The live webinar, I make all my clients watch her stuff, all of them. Um I make them by her book. It's Mandatory Reading in my coaching programs. And she has nine videos there, and they're about a half hour long, and every single one of them is gold. It's a gem. And I have to tell you, I have clients that are in their 70s and 80s that are watching and still shining, healing, teaching, living, right? Like I feel like on so many levels, not only is your content healing and beautiful and life-changing for people, but you're 75 years old doing this still. Like I feel like that's such permission for people to still be alive and you know, living and giving. And like I just the opposite of being in an old folks' home in a wheelchair. Thank you so much. So say your websites again, maybe a few of your book titles, how people can connect with you.

ANN:

Focusingresources.com.

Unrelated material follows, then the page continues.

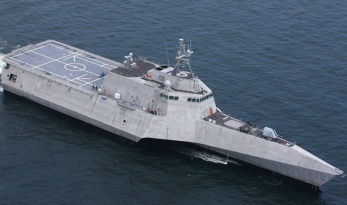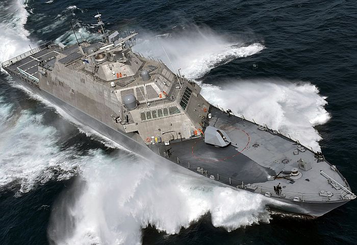2016年以後 在2015年12月以來,短短九個月裡,共有四艘LCS先後發生推進系統故障(見下文),並且涵蓋了此時進入服役的全部三艘自由級(LCS-1、3、5),美國海軍對此高度關注。整體而言,LCS服役以來不斷遇到鋁合金結構焊接點破裂、鋁合金腐蝕、機械故障的問題。由於服役後發生的許多問題,美國海軍有人私下戲稱LCS為「小破船」( Little Crappy Ship)。 在2016年夏季,美國海軍完成一項對LCS服役情況的調查,包括設計、人力配置、訓練程序、人員表現、人員編制大小、輪調方式、專業程度等等。而在沃茲 堡號與自由號的損壞之後,美國海軍打算立刻做出一些轉變措施,希望減少未來LCS操作時的人為失誤。美國海軍仔細研究LCS初期部署時的所有教訓,改進 LCS的後勤維修、操作訓練、部署等程序。 在2017年7月,消息傳出美國海軍正準備在中東地區部署LCS,打算在2018年的時候能在巴林長期部署一艘、在新加坡兩艘。由於LCS體積較小、吃水較淺,在中東一些近岸淺水域操作時將比柏克級等大型主戰艦艇更為便利。 隨著美國海軍吸收LCS早期部署的挫折,改革訓練、戰備、裝備維修保障的措施,加上任務模組逐漸發展成熟,LCS船艦的部署運作狀況漸入佳境。從2016年10月起,獨立級的科羅納多號(USS Coronado LCS-4)部署至新家坡,隨後成功進行了長達18個月的印度-太平洋地區(Indo-Asia-Pacific)部署,期間表現良好。這是獨立級第一次實戰部署到新家坡,其他締造的紀錄包括首次部署MQ-8B無人飛行載具與Telephonics公司AN/ZPY-4(V)1多模式海面監視雷達雷達的組合,以及首次LCS帶著超視距反艦飛彈(即先前加裝的魚叉反艦飛彈)投入作戰部署。這次新家坡部署的後面8個月,科羅納多號的表現遠超過預期,證實其出色的續航力與裝備可靠性;過去要花2個星期維修的故障,科羅納多號只花4天便告完成。科羅納多號的艦長表示,船艦部署在前沿區域是個不小的考驗,一般美國海軍艦艇要花費很大的努力才能完成6至8個月的前沿部署,但科羅納多號卻在18個月內都處於戰備狀態。由於科羅納多號這次部署的優異表現,過去經常批評LCS的LCSRON 1中隊指揮官喬迪.哈裡斯上校(Jordy Harrison)轉變了立場,成為LCS的堅定支持者,並肯定美國水面作戰指揮官湯姆斯.羅頓少將(Vice Adm. Thomas Rowden)從2016年開展的LCS改革。 原本美國海軍打算經過2016年調整LCS部署運用與人力編制(見下文),在2018年起同時在新加坡與巴林部署LCS(新加坡兩艘、中東一艘);然而實際上基於LCS艦隊的維修與值勤狀況,在2018年4月時,巴林的部署確定推遲到2019年,甚至2018年結束前可能沒有任何一艘LCS可以部署到新加坡。在2018年上旬,四艘最早服役的LCS Fligth 0(LCS-1~4)之中有三艘在維修,後續四艘(LCS-5~8)也都還在成軍巡航後由船廠進行各項修正的階段(Post Shakedown Availabilities,PSA),因此沒有任何LCS可以立刻進行海外部署。最後,在2018年內,美國海軍沒有任何一艘LCS進行海外部署。 在2018年8月23日,洛馬集團與馬丁.馬里塔船廠(Fincantieri Marinette Marine)交付第六、第七艘自由級蘇城號(USS Sioux City LCS-11)以及維奇托號(USS Wichita LCS-13)給美國海軍;其中,蘇城號在11月17日於馬里蘭州安納波里斯(Annapolis, Maryland)的美國海軍學院(United States Naval Academy)入役,這是首艘在美國海軍學院舉行成軍典禮的作戰船艦;維奇托號則在2018年冬季服役。 在2019年初,美國海軍表示,在本財年(到9月)結束前,會至少部署三艘LCS。美國海軍水面艦隊指揮官(Commander of Naval Surface Forces)里查.布朗中將((Vice Adm. Richard Brown)告訴新聞媒體,美國海軍正在為今年(2019)部署LCS而作業,兩艘部署在美國西岸,一艘在東岸,到2020年初會再有一艘部署在東岸。里查.布朗中將指的兩艘部署在西岸的是獨立級的蒙哥馬利號(USS Montgomery LCS-8)與嘉貝麗.吉佛斯號(USS Gabrielle Giffords LCS-10),從聖地牙哥前往西太平洋部署;而部署在東岸的則是自由級的底特律號(USS Detroit LCS-7,2019年部署)與小岩城號(USS Little Rock LCS-9,2020年初部署),都從佛羅里達出發。而在2019年2月,美國南方司令部(U.S. Southern Command,SOUTHCOM )宣布底特律號投入支援美國南部海域的反毒緝私任務。 機械事故 密爾瓦基號機械事故(2015年12月) 在2015年12月11日,自由級的密爾瓦基號(USS Milwaukee LCS-5) 在從加拿大哈里法克斯航行到佛羅里達五月港(Mayport)途中,推進系統發生故障 而完全停航 ,該艦隨後被拖往維吉尼亞的港口進行檢修;檢查時,艦上的潤滑油過濾器被發現聚集大量金屬碎屑造成堵塞,顯示機械出現嚴重磨損。對於2015年11月才服 役的新艦就發生故障,參議院軍事委員會主席約翰·麥凱恩在接受「海軍時報」採訪時時表示,密爾瓦基號的故障讓人深感不安,特別是因為該艦上個月(2015 年11月21日)才服役。 在2016年1月14日,美國海軍項目執行官表示,密爾瓦基號的故障初步判斷是減速齒輪故障,需要對減速齒輪與並車齒輪進行檢查 與處理。在2016年2月上旬,美國海軍表示,已經大致確認了密爾瓦基號故障的原因;事故當時,爾瓦基號正以燃氣渦輪、柴油機併聯 運轉輸出,在38節的高速航速行駛;隨後由於一個在燃氣渦輪前部的燃油閥發生問題,使得油料無法正常供應,遂觸發控制系統的安全機制,自動關閉兩具燃氣渦 輪主機。在這個過程中,推進控制系統應該先讓離合器逐步降檔並脫離 燃氣渦輪,只剩柴油機繼續驅動;然而,離合器與燃氣渦輪之間卻仍保持連結,進而 在傳動系統上製造出高扭
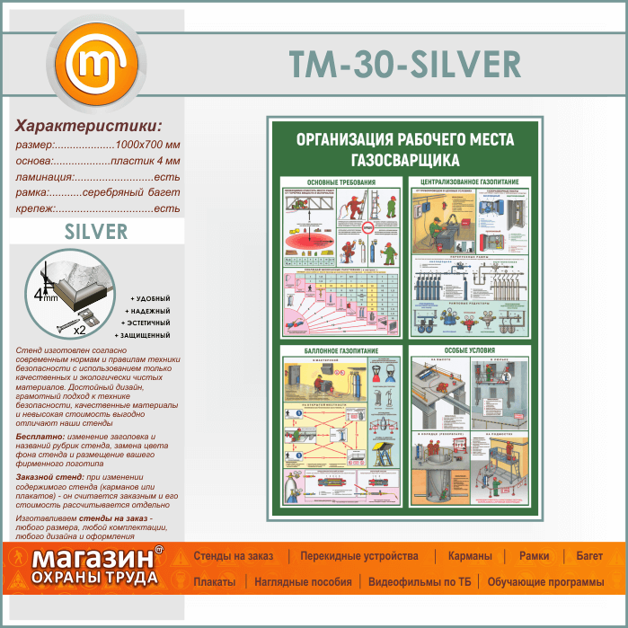 Стенд «Организация рабочего места газосварщика» (TM-30-SILVER) в Ижевске купить

And if you go there and click on the upper right, it says free intro course. That's the one that people should start with. So my first book is called The Power of Focusing. My second book is called The Radical Acceptance of Everything. If you're a therapist, you might like Focusing in Clinical Practice. I have a book called Presence, a Guide to Transforming Your Most Challenging Emotions. I have a book called 21 Days to Better Boundaries, a guide to setting boundaries with kindness and compassion. And then there is the latest and greatest My Life Work with Barbara McGavin, the amazing Barbara McGavin, untangling how you can transform what's impossibly stuck. If you want to get one, get this one.

FLORENCE:

Thank you so much. And I I don't love the words I love you. I don't know why, but I do I do like the words I send love to you. I feel love for you. You are a beautiful woman. Thank you for your work. Thank you for being on our summit. And uh thanks everybody for tuning in today. I hope you love this interview as much as I did. Bye bye.